• _About this exercise_: Once the pictures are set aside, output all the records exactly.

*-*-*

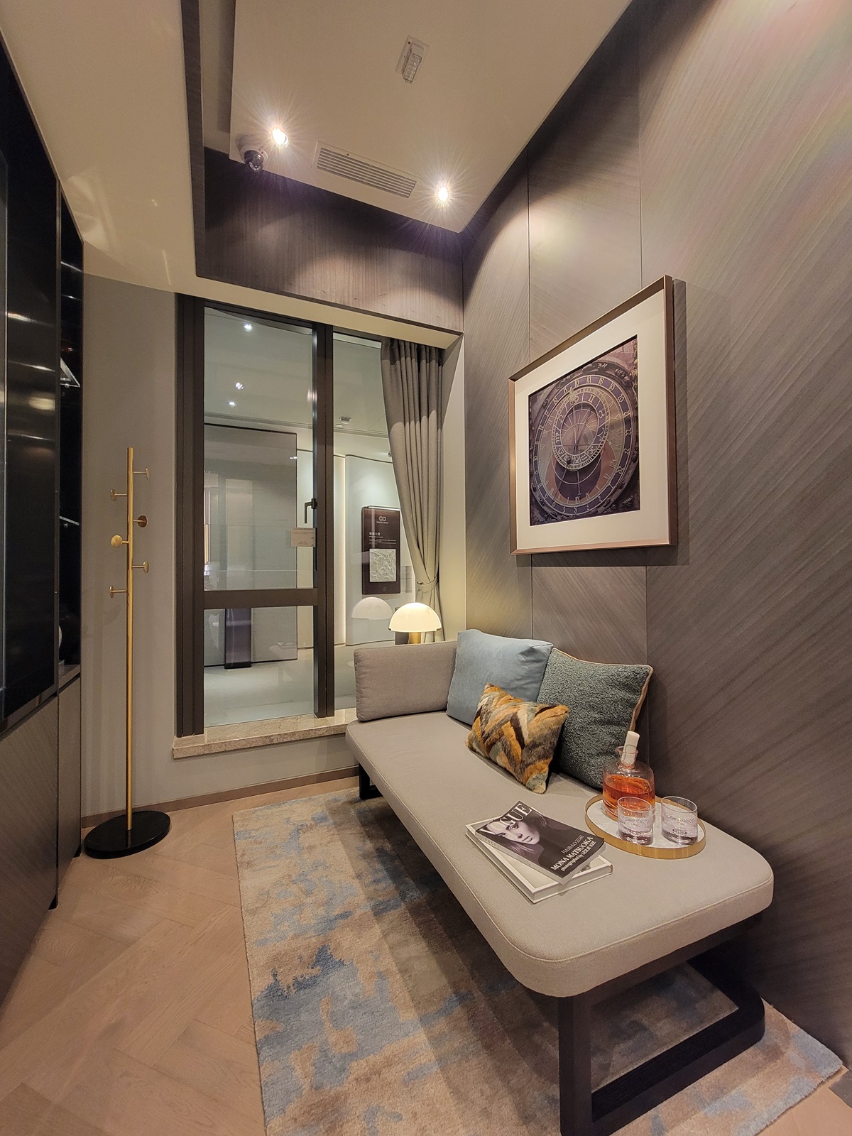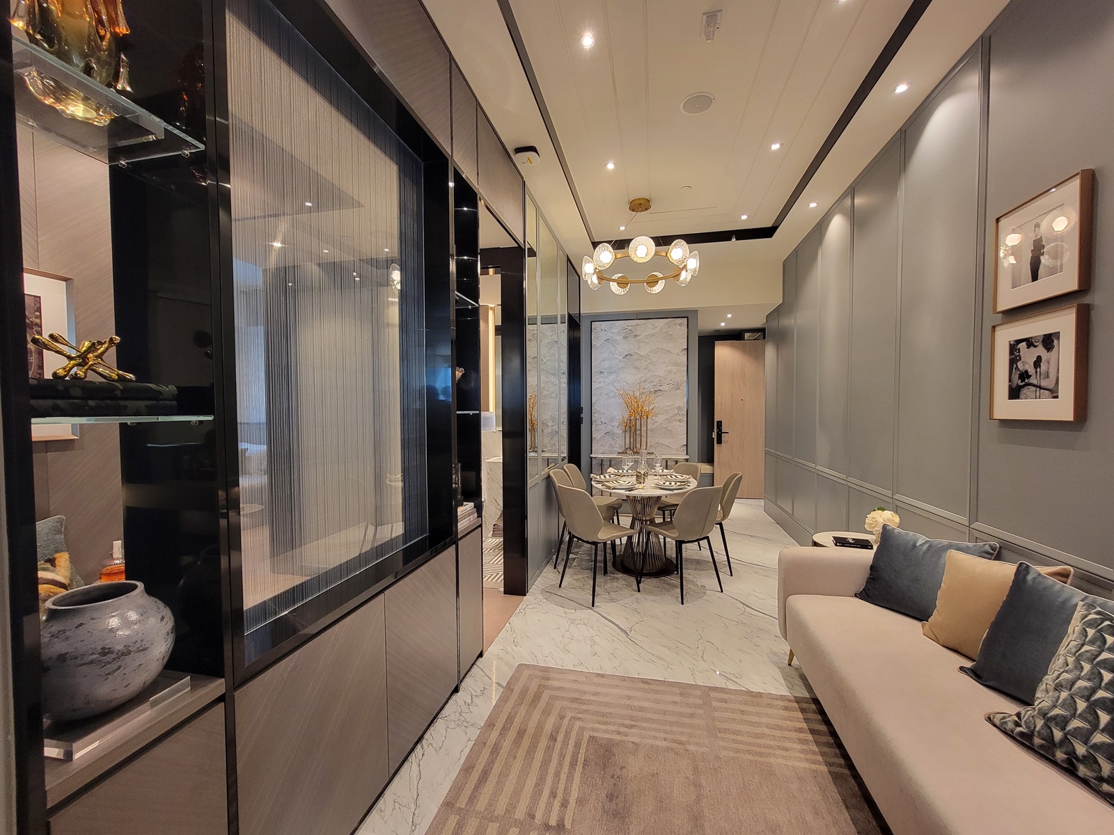 28樓C室經改動示範單位以「Hollywood Glam」風格為其設計概念,整體以冷色為主調,配合高光漆面、金屬裝飾以及藝術裝飾風格作為點綴,奢華的水晶吊燈配襯大理石地板,柔和現代元素和古典優雅的設計風格,為住戶提供豪華而獨特的生活體驗。
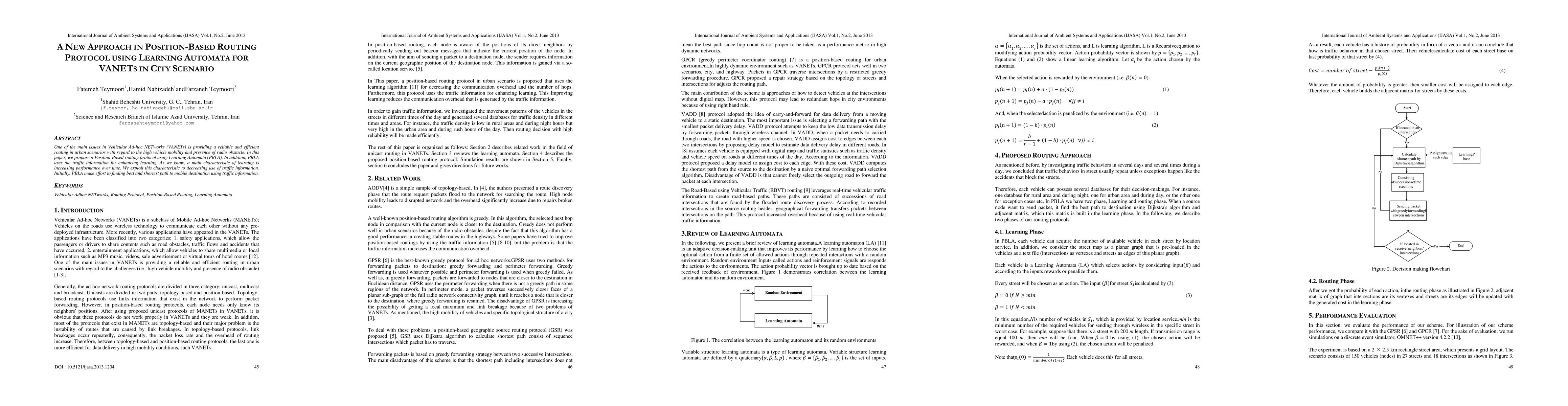 Summary: This paper proposes a Position-Based routing protocol using Learning Automata (PBLA) for VANETs in urban scenarios, aiming to provide reliable and efficient routing amidst high vehicle mobility and radio obstacles. PBLA leverages traffic information initially and enhances learning to reduce reliance on it over time, optimizing pathfinding for mobile destinations.
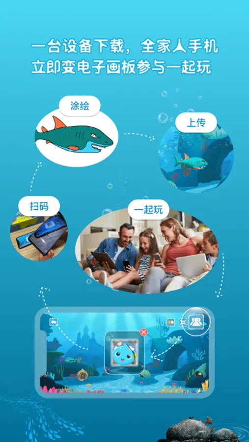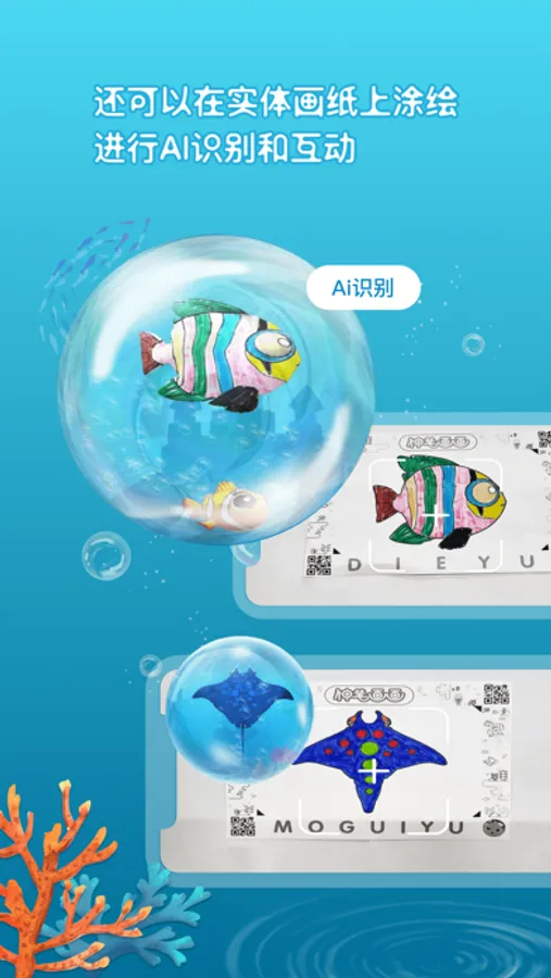 今天科技赋予了我们更多想象,专为小朋友设计的美学创造力APP。创意儿童画画,只需要选择喜欢的角色进行涂绘,就可以让作品在场景里活起来,呈现画鱼鱼会游,画鸟鸟会飞的虚拟现实奇幻场景。也是一款有趣的亲子互动游戏。
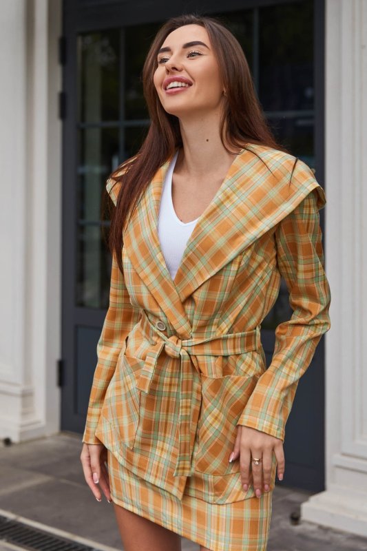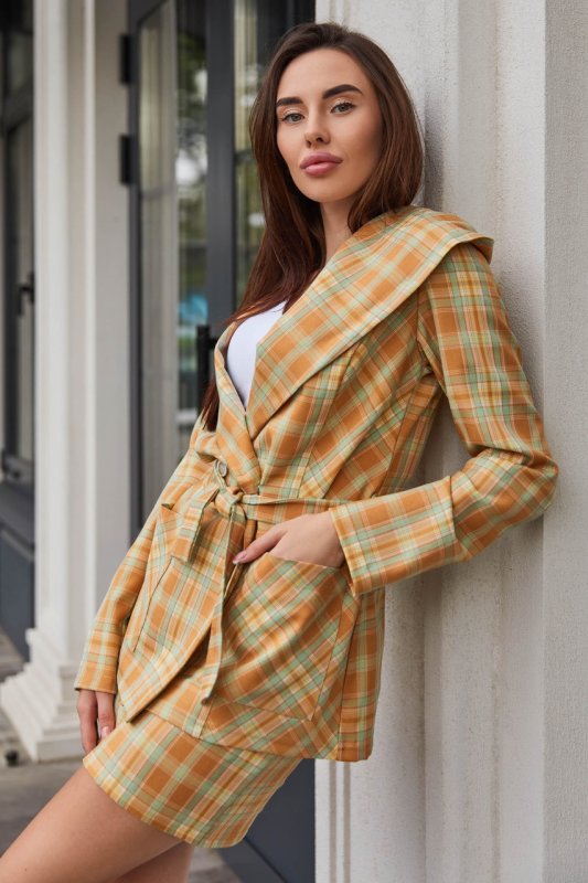 Необычный и оригинальный костюм с юбкой в классическую клетку станет изюминкой в вашем гардеробе. Костюм прямого силуэта с оригинальным воротником-капюшоном, такое дизайнерское решение придает модели стиля и уникальности.
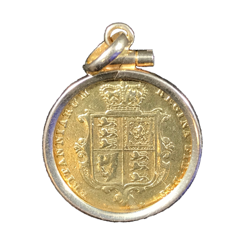 Moeda de ouro original do Reino Unido datada do ano de 1859.
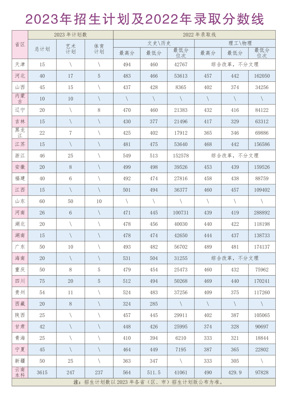 2023年昆明文理學院招生計劃及2022年錄取分數(shù)線
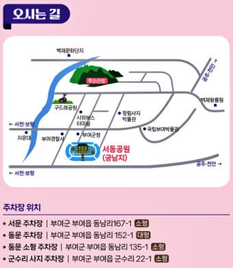 | 자가차량 | 서동공원 주차장·궁남지 인근 공영주차장 이용 가능, 주말 · 야간 주차 혼잡 예상 |
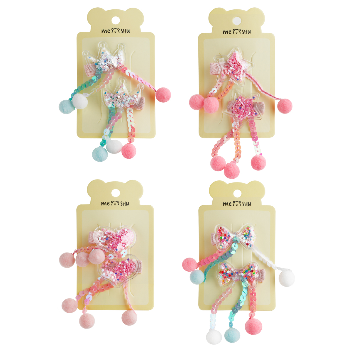 369233 Заколки для волос MESHU, прищепки с помпонами, ассорти, 2шт., 4*6см, европодвес
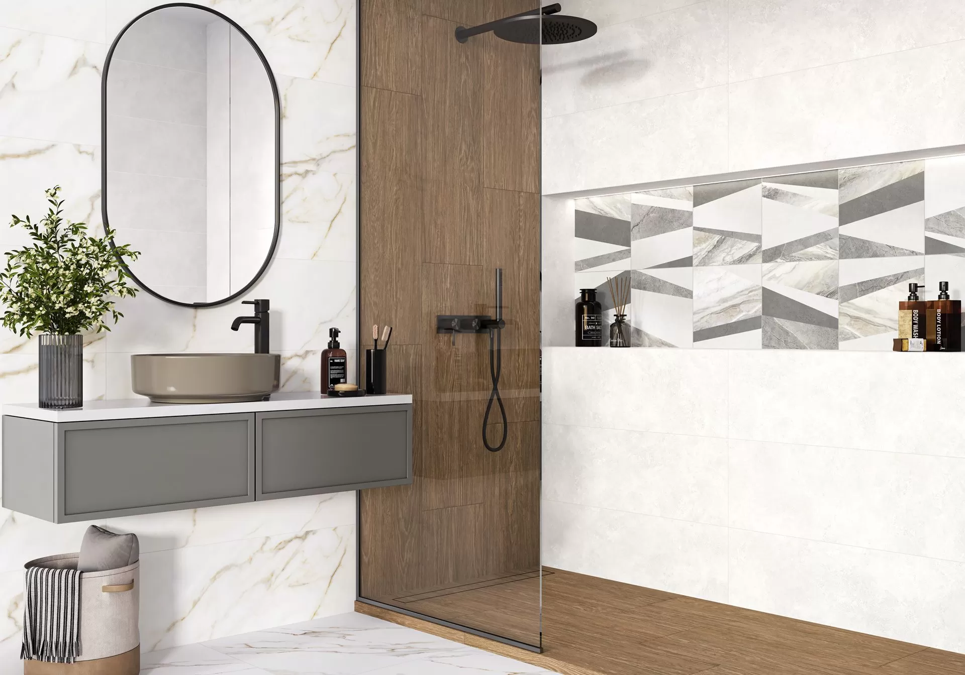 Коллекция настенной плитки Anturin в формате 300x900 мм., где благородство белого и серого мрамора переплетается с урбанистическим шармом двух оттенков бетона. Цветовая палитра коллекции выполнена в бело-серых оттенках, они создают атмосферу утонченной элегантности. Акцентными элементами серии являются два вида декоративного массива: оригинальная геометрия с футуристичными яркими акцентами и классическая нарезка с текстурами базовых плиток, демонстрирующая богатство природных текстур. Все элементы произведены с матовой поверхностью, а также имеют ректифицированный край. Дополняют серию платиновый бордюр, ректифицированный керамогранит в формате 600x600 мм и керамогранит с деревянной текстурой в формате 200x900 мм. Вариативность элементов коллекции позволяет создать разный дизайн в помещениях, но в единой концепции. Таким образом получается готовое решение для всей квартиры или дома в рамках одной коллекции.
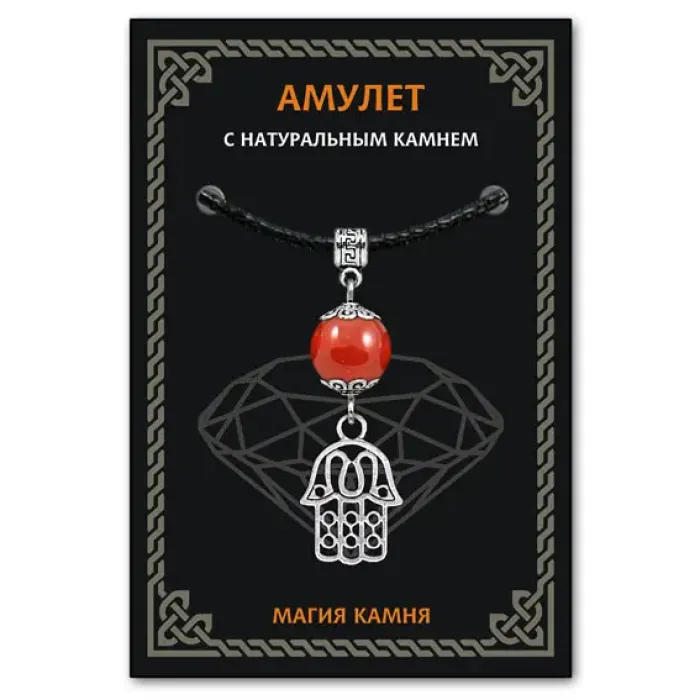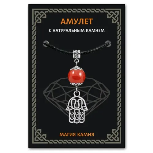 Амулет Хамса, выполненный из сердолика, является символом защиты и благополучия. Этот камень традиционно ценится за свою способность приносить храбрость и спокойствие, а также способствовать раскрытию таланта и обретению призвания.
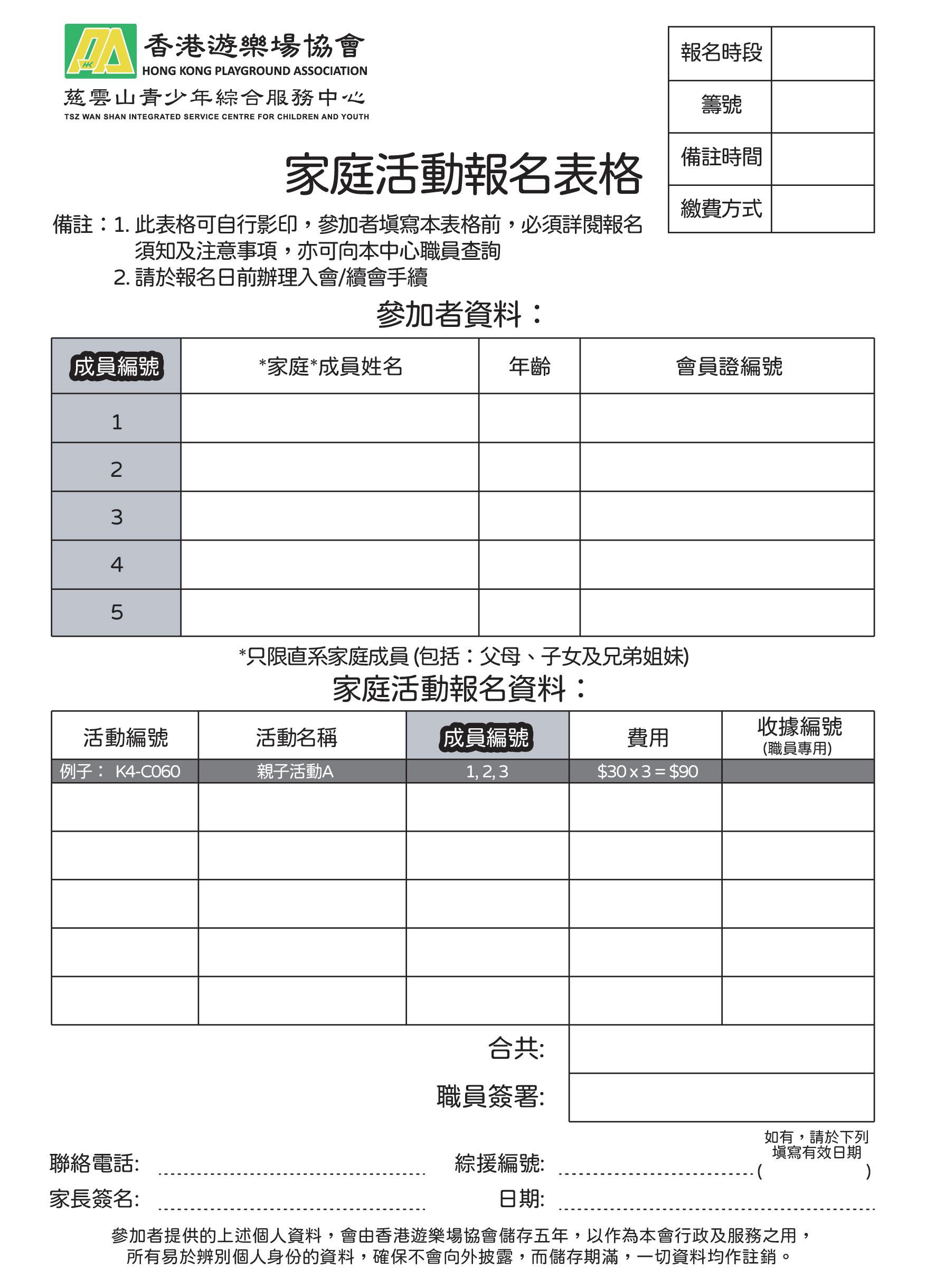 地點: 慈雲山青少年綜合服務中心 對象: 親子(6–24歲會員及其家長) 名額: 6人(3對親子)
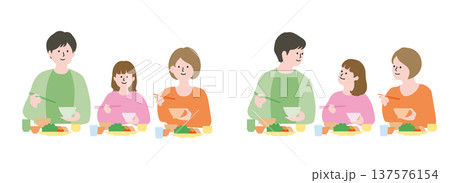 一張父女在餐桌上吃飯的插畫素材

*-*-*

• _Result for this exercise_:
 28樓C室經改動示範單位以「Hollywood Glam」風格為其設計概念,整體以冷色為主調,配合高光漆面、金屬裝飾以及藝術裝飾風格作為點綴,奢華的水晶吊燈配襯大理石地板,柔和現代元素和古典優雅的設計風格,為住戶提供豪華而獨特的生活體驗。
 Summary: This paper proposes a Position-Based routing protocol using Learning Automata (PBLA) for VANETs in urban scenarios, aiming to provide reliable and efficient routing amidst high vehicle mobility and radio obstacles. PBLA leverages traffic information initially and enhances learning to reduce reliance on it over time, optimizing pathfinding for mobile destinations.
 今天科技赋予了我们更多想象,专为小朋友设计的美学创造力APP。创意儿童画画,只需要选择喜欢的角色进行涂绘,就可以让作品在场景里活起来,呈现画鱼鱼会游,画鸟鸟会飞的虚拟现实奇幻场景。也是一款有趣的亲子互动游戏。
 Необычный и оригинальный костюм с юбкой в классическую клетку станет изюминкой в вашем гардеробе. Костюм прямого силуэта с оригинальным воротником-капюшоном, такое дизайнерское решение придает модели стиля и уникальности.
 Moeda de ouro original do Reino Unido datada do ano de 1859.
 2023年昆明文理學院招生計劃及2022年錄取分數(shù)線
 | 자가차량 | 서동공원 주차장·궁남지 인근 공영주차장 이용 가능, 주말 · 야간 주차 혼잡 예상 |
 369233 Заколки для волос MESHU, прищепки с помпонами, ассорти, 2шт., 4*6см, европодвес
 Коллекция настенной плитки Anturin в формате 300x900 мм., где благородство белого и серого мрамора переплетается с урбанистическим шармом двух оттенков бетона. Цветовая палитра коллекции выполнена в бело-серых оттенках, они создают атмосферу утонченной элегантности. Акцентными элементами серии являются два вида декоративного массива: оригинальная геометрия с футуристичными яркими акцентами и классическая нарезка с текстурами базовых плиток, демонстрирующая богатство природных текстур. Все элементы произведены с матовой поверхностью, а также имеют ректифицированный край. Дополняют серию платиновый бордюр, ректифицированный керамогранит в формате 600x600 мм и керамогранит с деревянной текстурой в формате 200x900 мм. Вариативность элементов коллекции позволяет создать разный дизайн в помещениях, но в единой концепции. Таким образом получается готовое решение для всей квартиры или дома в рамках одной коллекции.
 Амулет Хамса, выполненный из сердолика, является символом защиты и благополучия. Этот камень традиционно ценится за свою способность приносить храбрость и спокойствие, а также способствовать раскрытию таланта и обретению призвания.
 地點: 慈雲山青少年綜合服務中心 對象: 親子(6–24歲會員及其家長) 名額: 6人(3對親子)
 一張父女在餐桌上吃飯的插畫素材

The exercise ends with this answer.